Work to complete:
Copy out the data exactly, leaving the pictures behind.

Dataset extract:
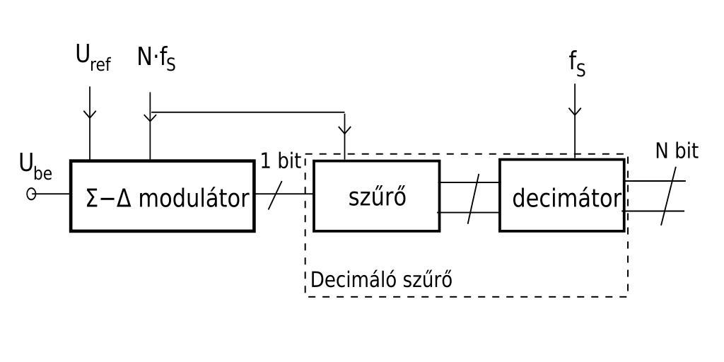 Keywords: D-szig b.svg en main functional blocks of a delta-sigma analog-to-digital converter hu Delta-szigma AD átalakító fő funkcionális egységei és kapcsolatuk Own Kmiki87 2009-06-20 Analogue-digital conversion Functional block diagrams
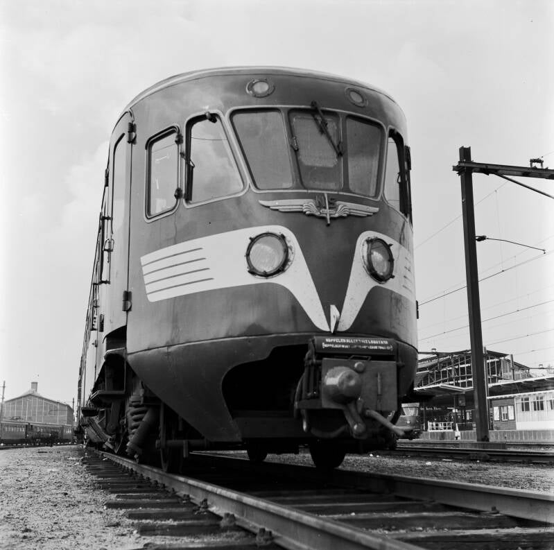 10. Catalogusnummer: 151201. De kop van een diesel-electrisch treinstel DE 2 (serie 61-106/Blauwe Engel) van de N.S. bij de werkplaats te Zwolle. Datering: 20 september 1962. Foto: Nederlandse Spoorwegen - Het Utrechts Archief / hetutrechtsarchief.nl Licentiestatus: CC0 1.0 Publiek Domein Verklaring
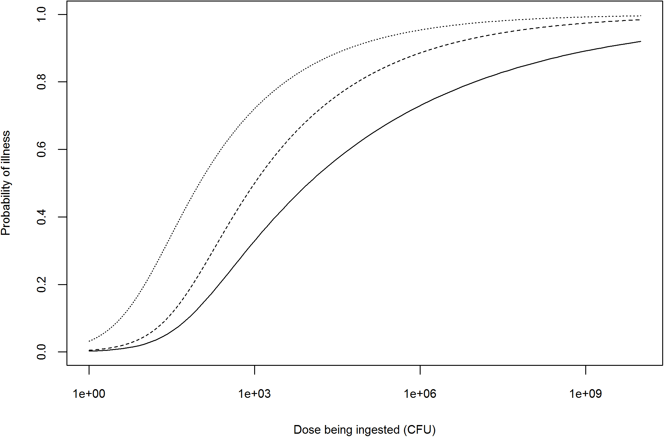Figure 2. Illustration of possible adjustments to the dose–response relationship of an antimicrobial-resistant Salmonella spp. strain based on information provided by WGS profiling. Solid line represents the dose–response curve of a generic Salmonella spp. (FAO/WHO, 2002); dashed line: dose–response after theoretical adjustment for high pathogenicity; dotted line: dose–response after theoretical adjustment for high pathogenicity and prior antimicrobial use in human patient.
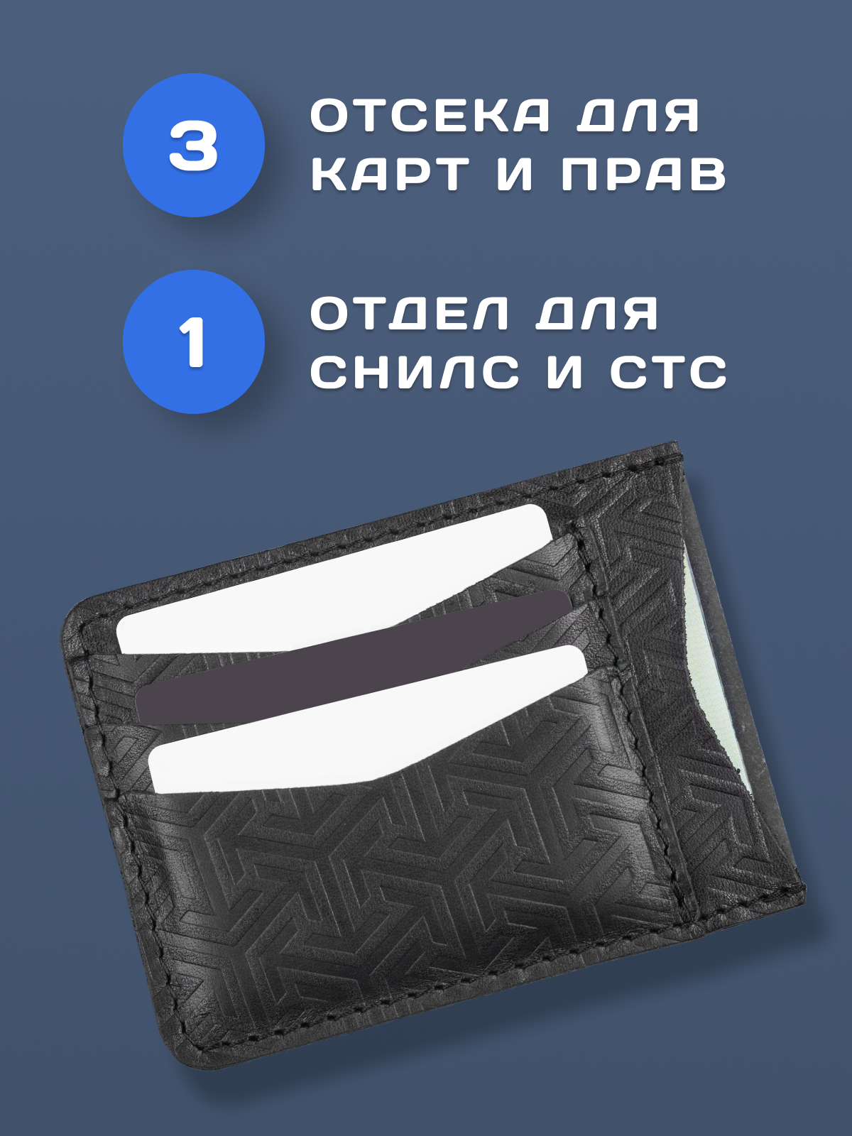 Кожаный картхолдер для автодокументов и карт с тиснением, черный

Solution to the exercise:
 Keywords: D-szig b.svg en main functional blocks of a delta-sigma analog-to-digital converter hu Delta-szigma AD átalakító fő funkcionális egységei és kapcsolatuk Own Kmiki87 2009-06-20 Analogue-digital conversion Functional block diagrams
 10. Catalogusnummer: 151201. De kop van een diesel-electrisch treinstel DE 2 (serie 61-106/Blauwe Engel) van de N.S. bij de werkplaats te Zwolle. Datering: 20 september 1962. Foto: Nederlandse Spoorwegen - Het Utrechts Archief / hetutrechtsarchief.nl Licentiestatus: CC0 1.0 Publiek Domein Verklaring
Figure 2. Illustration of possible adjustments to the dose–response relationship of an antimicrobial-resistant Salmonella spp. strain based on information provided by WGS profiling. Solid line represents the dose–response curve of a generic Salmonella spp. (FAO/WHO, 2002); dashed line: dose–response after theoretical adjustment for high pathogenicity; dotted line: dose–response after theoretical adjustment for high pathogenicity and prior antimicrobial use in human patient.
 Кожаный картхолдер для автодокументов и карт с тиснением, черный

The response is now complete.